**Input data:**
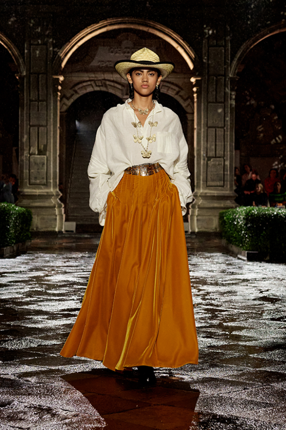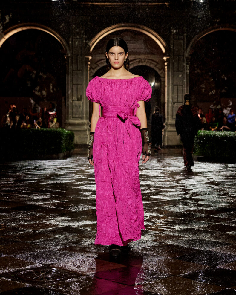 In questo caso, Dior ha scelto di sfilare a Città del Messico, un luogo che ha una storia significativa per la casa di moda. En effet, questa casa di moda ha una ricca storia di relazioni con questo luogo. Negli Anni ‘50, come dimenticare i primi abiti di Monsieur Dior, chiamati appunto ‘Mexico’, ‘Acapulco’, ‘Soirée à Mexico’ e ‘Mexique’?
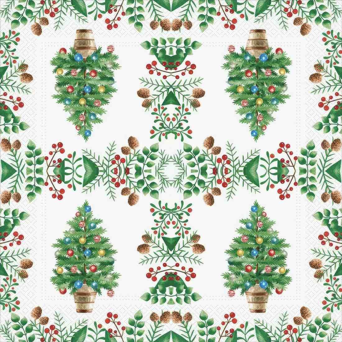 Featuring a charming decorated Christmas tree adorned with colorful ornaments in a rustic wooden pot, surrounded by a vibrant border of holly leaves, berries, and pinecones. This elegant and cheerful design is ideal for holiday-themed crafts or seasonal décor, bringing the spirit of Christmas to your projects.
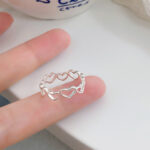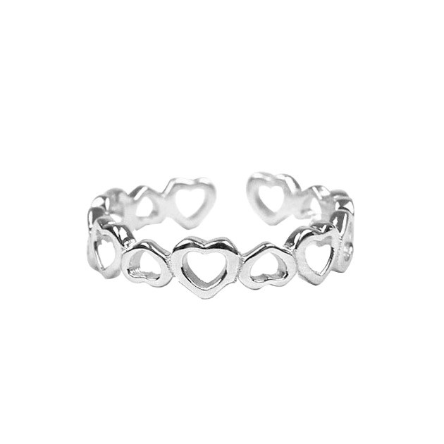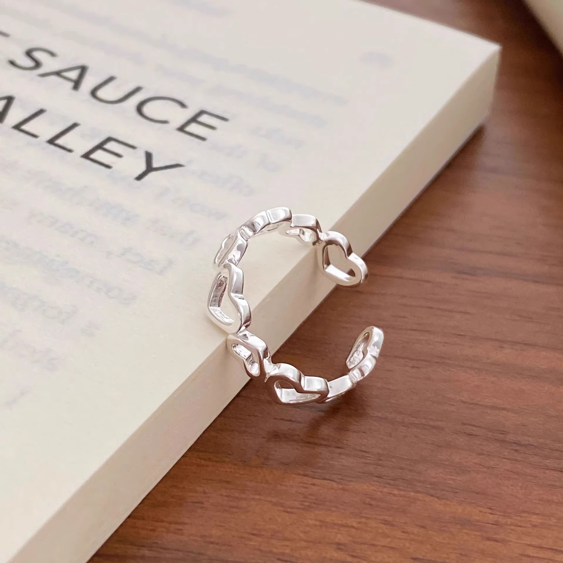 S999 Sterling Silver Patchwork Hollow Heart Ring

**Your instructions:** Write out the data in full and exactly as given, though without the images.

**Answer to the exercise:**
 In questo caso, Dior ha scelto di sfilare a Città del Messico, un luogo che ha una storia significativa per la casa di moda. En effet, questa casa di moda ha una ricca storia di relazioni con questo luogo. Negli Anni ‘50, come dimenticare i primi abiti di Monsieur Dior, chiamati appunto ‘Mexico’, ‘Acapulco’, ‘Soirée à Mexico’ e ‘Mexique’?
 Featuring a charming decorated Christmas tree adorned with colorful ornaments in a rustic wooden pot, surrounded by a vibrant border of holly leaves, berries, and pinecones. This elegant and cheerful design is ideal for holiday-themed crafts or seasonal décor, bringing the spirit of Christmas to your projects.
 S999 Sterling Silver Patchwork Hollow Heart Ring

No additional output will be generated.